→ **Stored data**:
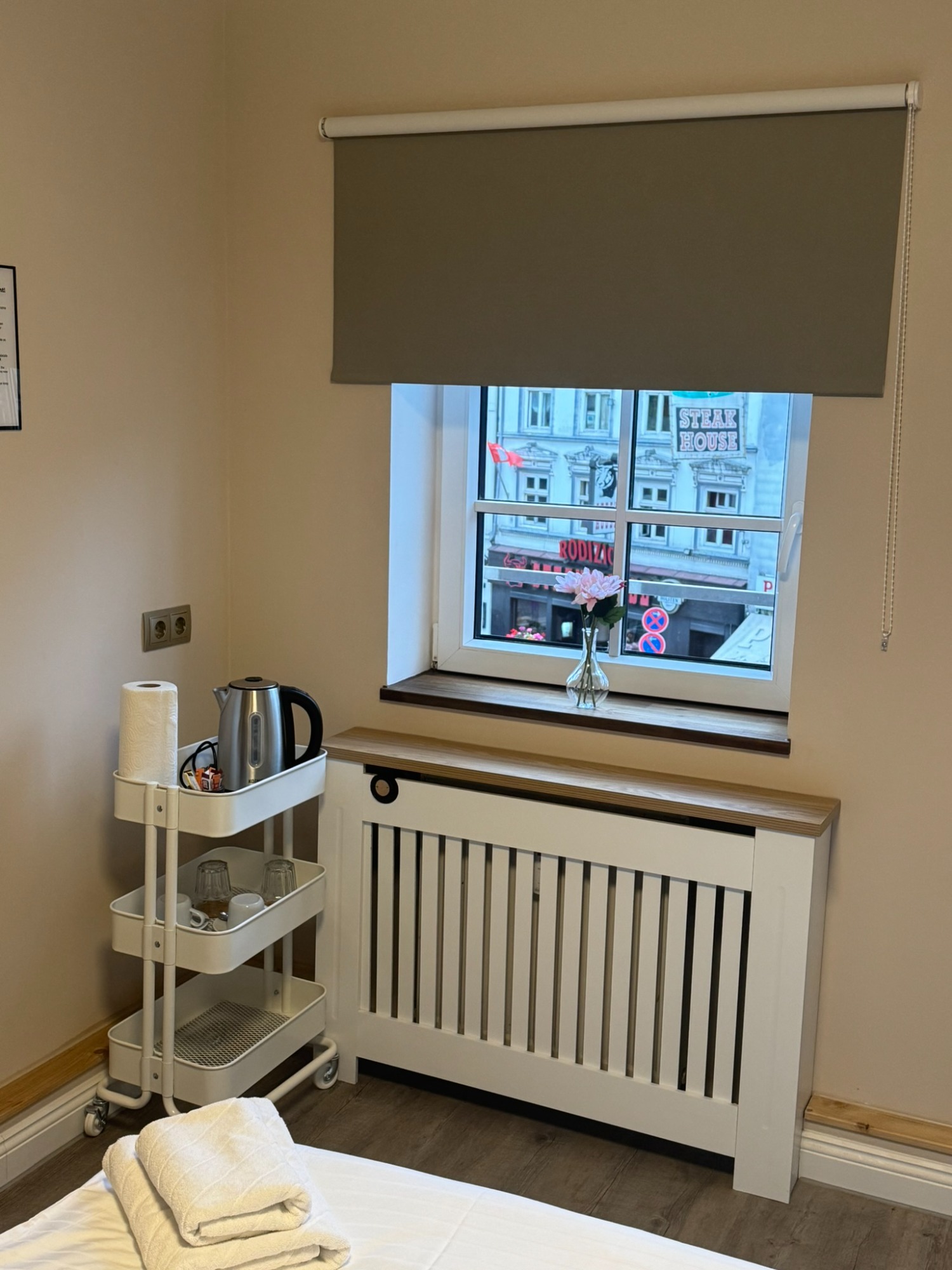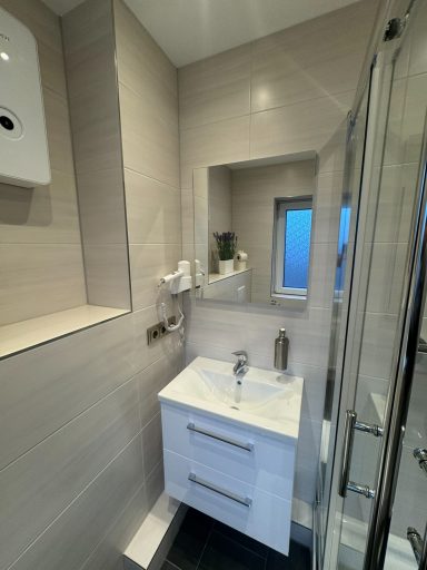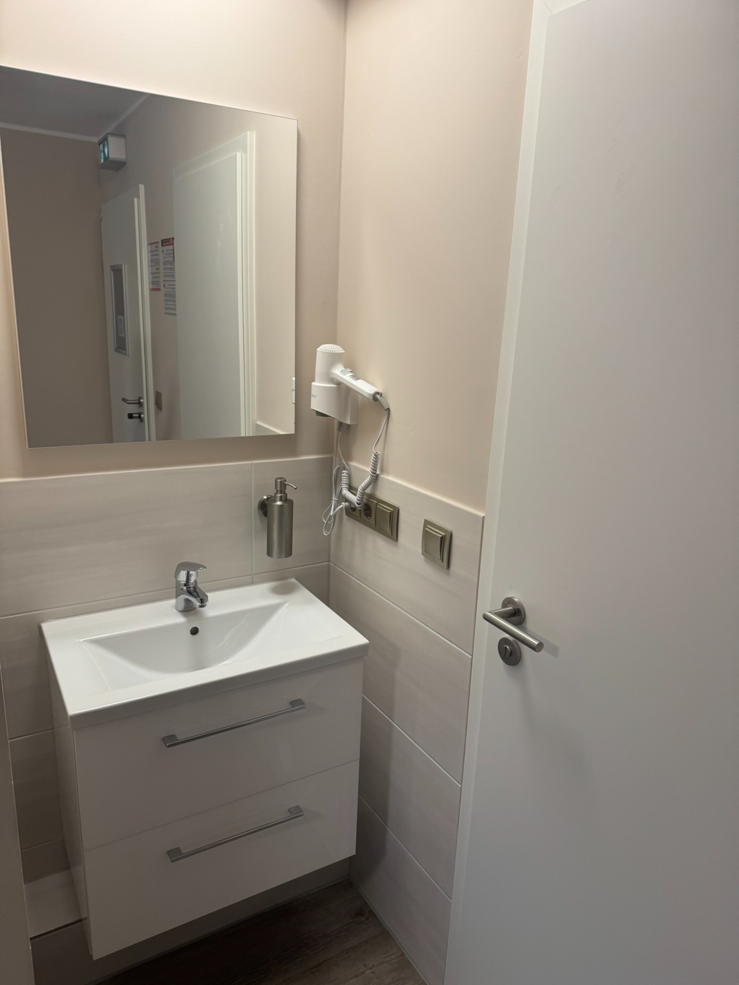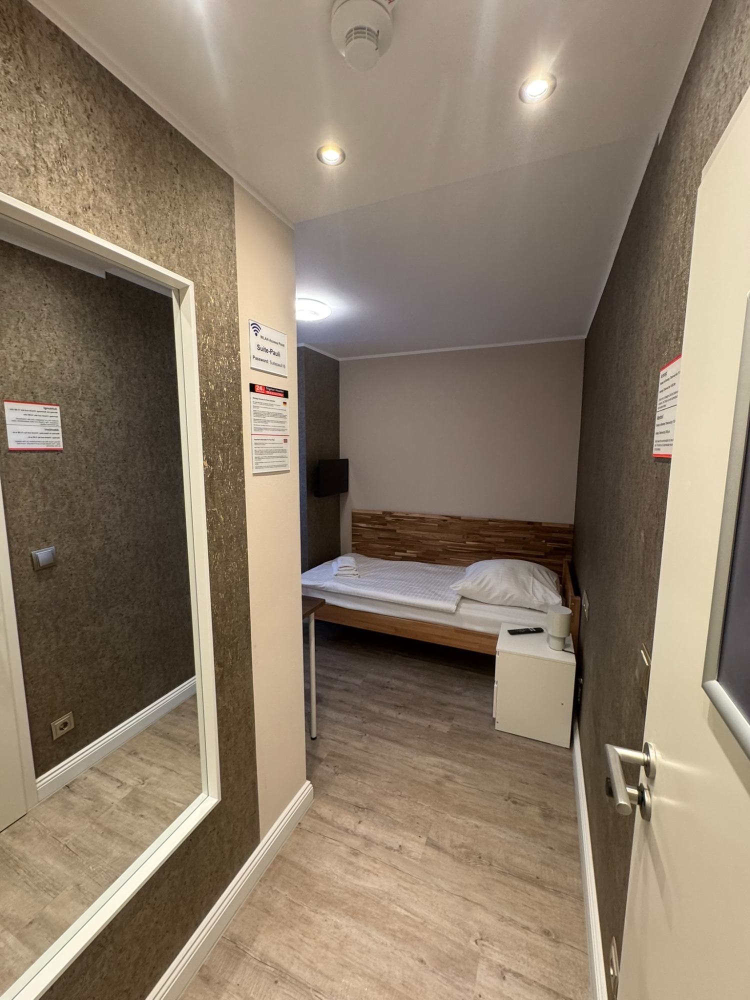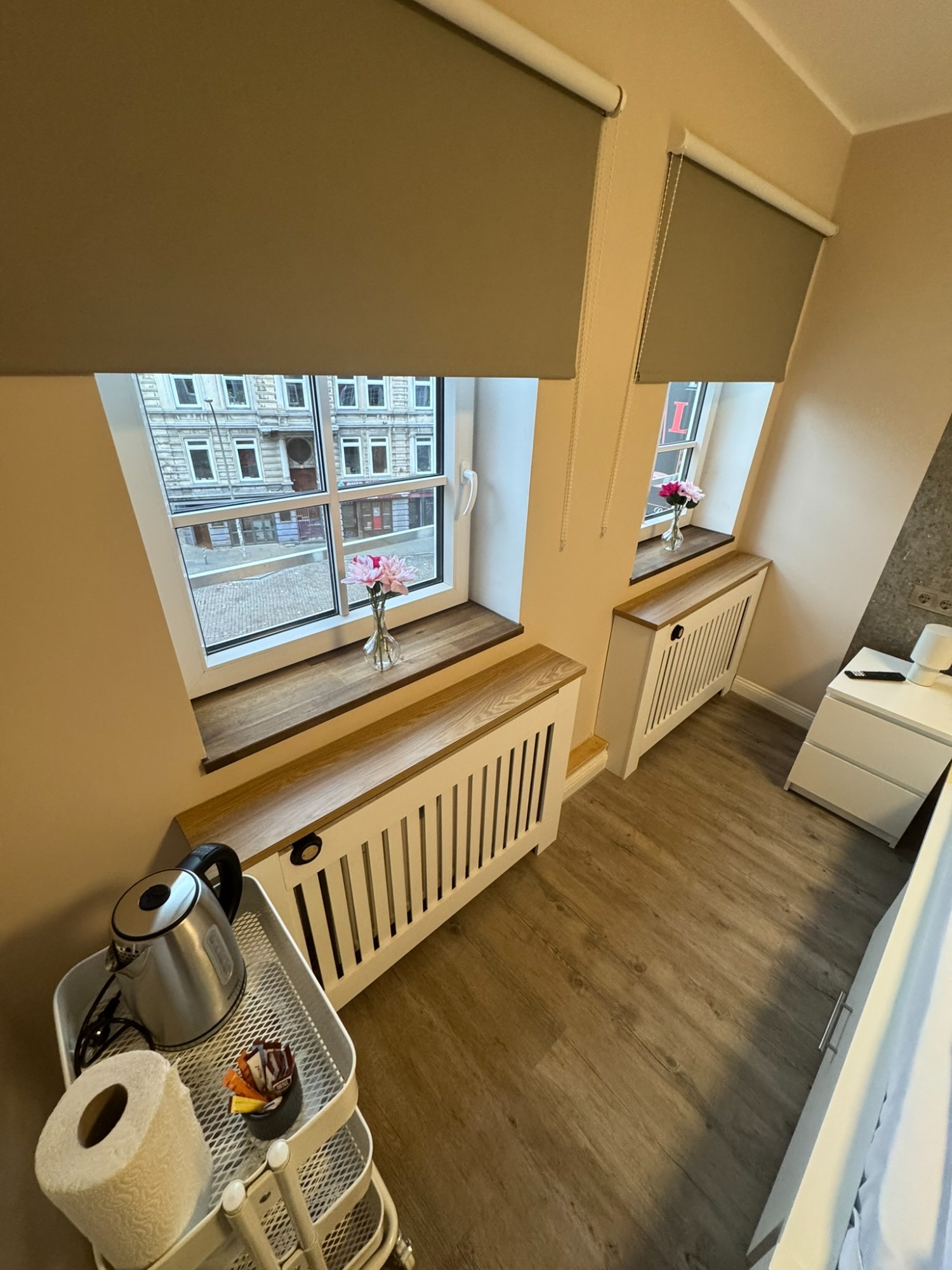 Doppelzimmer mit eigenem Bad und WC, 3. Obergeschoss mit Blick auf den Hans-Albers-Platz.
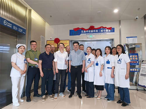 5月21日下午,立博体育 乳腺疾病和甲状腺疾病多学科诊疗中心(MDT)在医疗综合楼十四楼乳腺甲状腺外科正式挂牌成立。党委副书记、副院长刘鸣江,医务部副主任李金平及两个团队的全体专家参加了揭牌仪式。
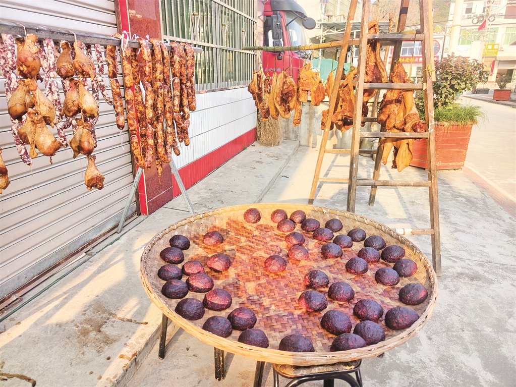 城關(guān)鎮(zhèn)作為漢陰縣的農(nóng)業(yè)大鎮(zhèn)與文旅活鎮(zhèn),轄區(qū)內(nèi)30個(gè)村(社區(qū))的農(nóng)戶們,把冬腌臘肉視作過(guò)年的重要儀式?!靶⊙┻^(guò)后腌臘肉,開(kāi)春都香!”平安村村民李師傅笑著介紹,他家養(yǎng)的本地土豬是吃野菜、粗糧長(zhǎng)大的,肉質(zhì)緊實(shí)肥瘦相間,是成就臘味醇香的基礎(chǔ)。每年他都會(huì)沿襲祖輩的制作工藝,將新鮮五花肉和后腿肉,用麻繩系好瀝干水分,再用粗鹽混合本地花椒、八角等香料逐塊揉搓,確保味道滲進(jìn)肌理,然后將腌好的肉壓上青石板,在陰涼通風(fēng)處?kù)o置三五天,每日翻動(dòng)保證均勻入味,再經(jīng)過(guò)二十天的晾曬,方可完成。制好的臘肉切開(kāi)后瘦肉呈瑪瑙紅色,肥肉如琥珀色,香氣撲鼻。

→ **The problem**: Copy the entire listing exactly but skip the pictures.

→ **The answer**:
 Doppelzimmer mit eigenem Bad und WC, 3. Obergeschoss mit Blick auf den Hans-Albers-Platz.
 5月21日下午,立博体育 乳腺疾病和甲状腺疾病多学科诊疗中心(MDT)在医疗综合楼十四楼乳腺甲状腺外科正式挂牌成立。党委副书记、副院长刘鸣江,医务部副主任李金平及两个团队的全体专家参加了揭牌仪式。
 城關(guān)鎮(zhèn)作為漢陰縣的農(nóng)業(yè)大鎮(zhèn)與文旅活鎮(zhèn),轄區(qū)內(nèi)30個(gè)村(社區(qū))的農(nóng)戶們,把冬腌臘肉視作過(guò)年的重要儀式?!靶⊙┻^(guò)后腌臘肉,開(kāi)春都香!”平安村村民李師傅笑著介紹,他家養(yǎng)的本地土豬是吃野菜、粗糧長(zhǎng)大的,肉質(zhì)緊實(shí)肥瘦相間,是成就臘味醇香的基礎(chǔ)。每年他都會(huì)沿襲祖輩的制作工藝,將新鮮五花肉和后腿肉,用麻繩系好瀝干水分,再用粗鹽混合本地花椒、八角等香料逐塊揉搓,確保味道滲進(jìn)肌理,然后將腌好的肉壓上青石板,在陰涼通風(fēng)處?kù)o置三五天,每日翻動(dòng)保證均勻入味,再經(jīng)過(guò)二十天的晾曬,方可完成。制好的臘肉切開(kāi)后瘦肉呈瑪瑙紅色,肥肉如琥珀色,香氣撲鼻。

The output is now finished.